LISTED ENTRIES START
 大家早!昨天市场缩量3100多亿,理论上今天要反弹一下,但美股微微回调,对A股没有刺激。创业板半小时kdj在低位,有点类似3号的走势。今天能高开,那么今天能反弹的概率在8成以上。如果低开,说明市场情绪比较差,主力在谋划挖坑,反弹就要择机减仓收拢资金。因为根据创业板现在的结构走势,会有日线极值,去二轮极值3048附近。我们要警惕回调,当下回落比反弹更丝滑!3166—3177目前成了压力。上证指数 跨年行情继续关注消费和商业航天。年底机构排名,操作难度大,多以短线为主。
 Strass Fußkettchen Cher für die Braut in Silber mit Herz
LISTED ENTRIES END
LISTED ENTRIES START
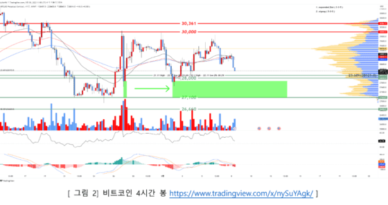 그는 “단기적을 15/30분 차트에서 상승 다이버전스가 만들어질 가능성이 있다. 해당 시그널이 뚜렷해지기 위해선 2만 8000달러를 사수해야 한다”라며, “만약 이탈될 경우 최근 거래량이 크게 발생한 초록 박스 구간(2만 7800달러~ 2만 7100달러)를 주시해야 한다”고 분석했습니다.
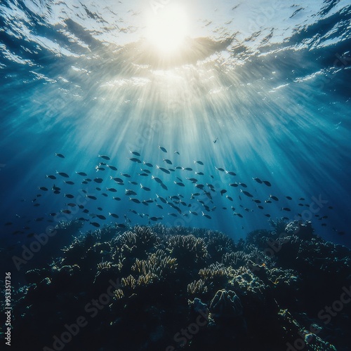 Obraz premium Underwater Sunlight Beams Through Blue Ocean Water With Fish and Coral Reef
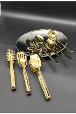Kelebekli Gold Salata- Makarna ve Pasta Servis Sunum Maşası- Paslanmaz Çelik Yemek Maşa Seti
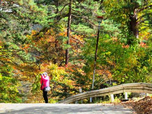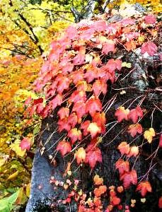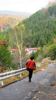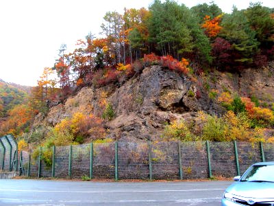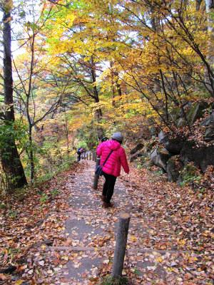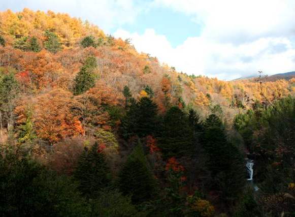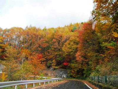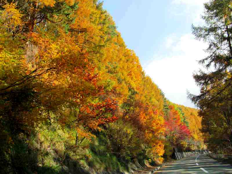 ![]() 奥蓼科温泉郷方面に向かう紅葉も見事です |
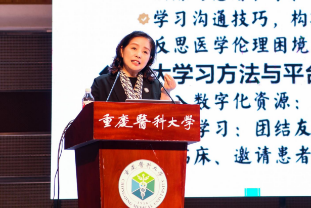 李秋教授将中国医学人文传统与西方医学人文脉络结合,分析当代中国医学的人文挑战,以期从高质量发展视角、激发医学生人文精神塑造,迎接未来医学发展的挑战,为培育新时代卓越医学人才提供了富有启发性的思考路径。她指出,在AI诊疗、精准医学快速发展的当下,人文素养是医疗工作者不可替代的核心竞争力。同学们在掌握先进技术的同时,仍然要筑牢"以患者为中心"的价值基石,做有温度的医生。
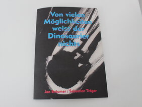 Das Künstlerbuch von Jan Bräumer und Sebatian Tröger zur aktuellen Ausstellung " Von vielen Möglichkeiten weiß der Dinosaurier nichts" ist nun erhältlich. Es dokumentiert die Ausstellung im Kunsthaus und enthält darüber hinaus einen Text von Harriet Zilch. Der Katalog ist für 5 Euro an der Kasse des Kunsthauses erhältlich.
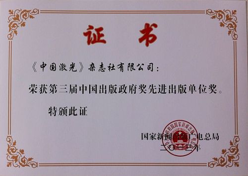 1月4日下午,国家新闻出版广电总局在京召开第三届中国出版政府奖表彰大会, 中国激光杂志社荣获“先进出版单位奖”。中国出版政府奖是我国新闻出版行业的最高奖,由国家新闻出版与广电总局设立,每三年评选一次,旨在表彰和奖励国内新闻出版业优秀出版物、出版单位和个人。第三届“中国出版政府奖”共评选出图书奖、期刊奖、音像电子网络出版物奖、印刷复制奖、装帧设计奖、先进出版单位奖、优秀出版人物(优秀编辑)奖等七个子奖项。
LISTED ENTRIES END
LISTED ENTRIES START
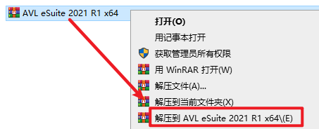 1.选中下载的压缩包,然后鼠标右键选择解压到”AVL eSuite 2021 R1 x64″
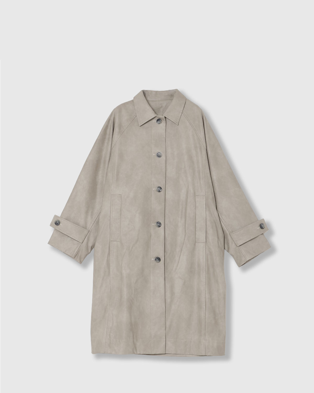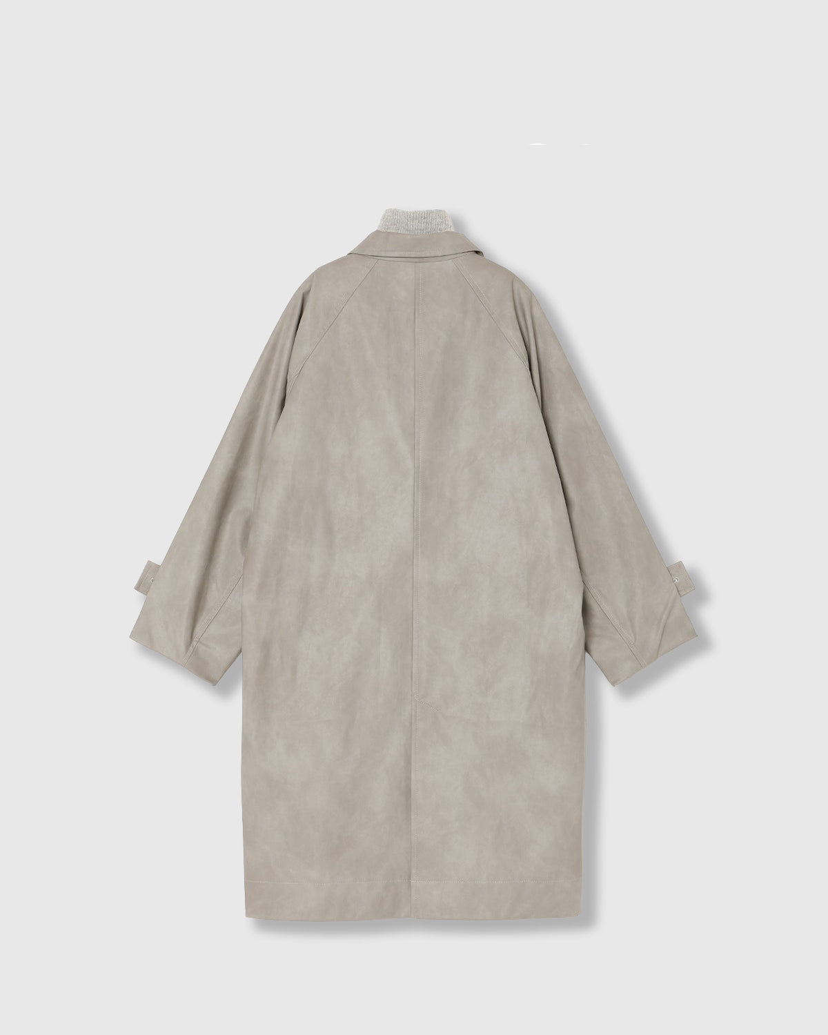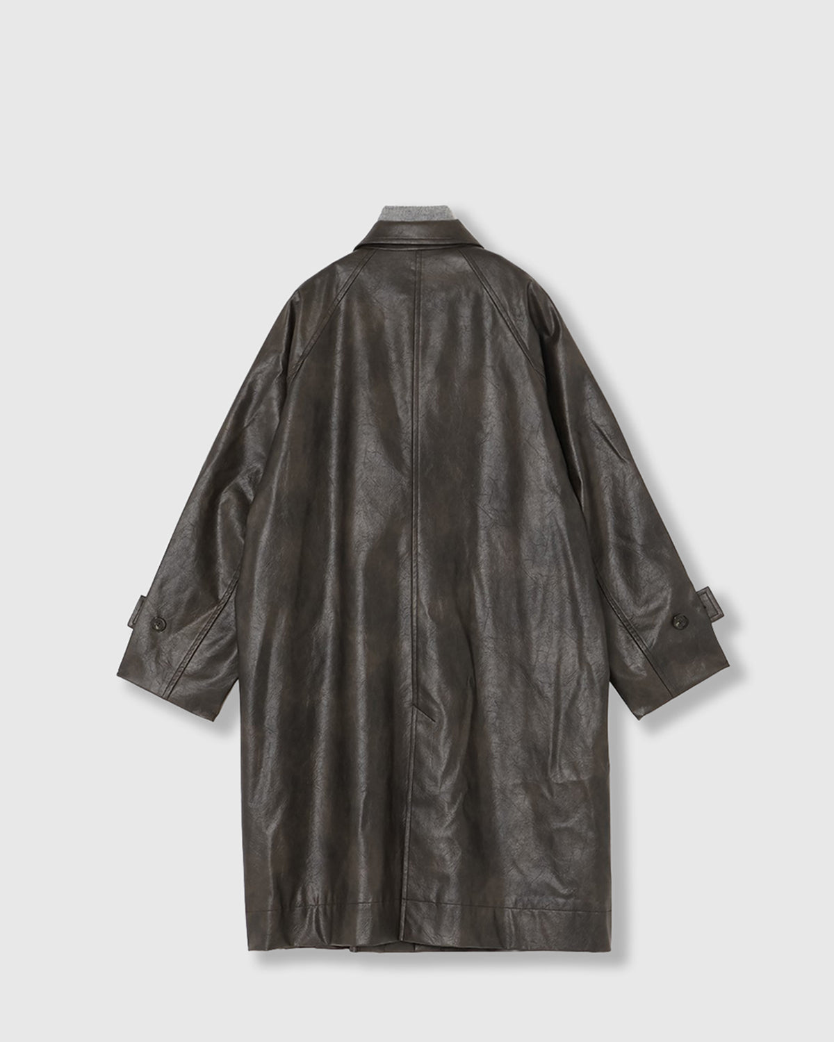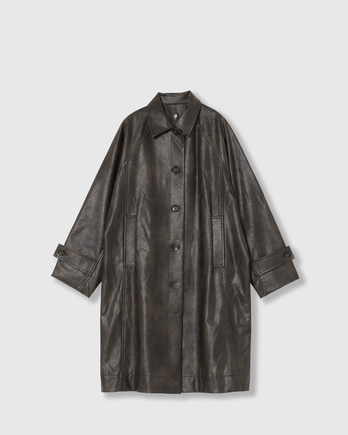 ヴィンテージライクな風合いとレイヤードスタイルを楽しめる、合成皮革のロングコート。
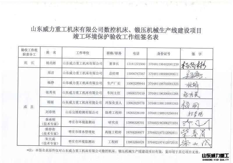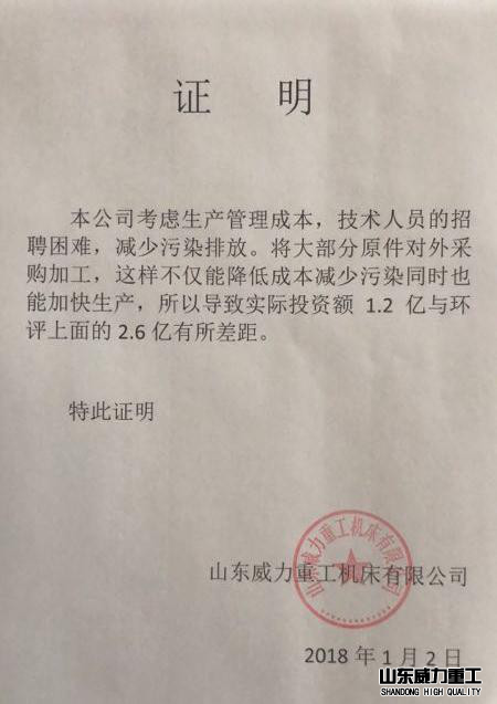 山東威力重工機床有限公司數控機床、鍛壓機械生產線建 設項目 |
LISTED ENTRIES END
_WHAT YOU HAVE TO DO:_
Above are the records. Copy only the lines from the one with "2021 R1 x64″" through the one with "山東威力重工機床有限公司數控機床、鍛壓機械生產線建 設項目 |", exactly, with no pictures.

_EXPECTED OUTPUT:_
 1.选中下载的压缩包,然后鼠标右键选择解压到”AVL eSuite 2021 R1 x64″
 ヴィンテージライクな風合いとレイヤードスタイルを楽しめる、合成皮革のロングコート。
 山東威力重工機床有限公司數控機床、鍛壓機械生產線建 設項目 |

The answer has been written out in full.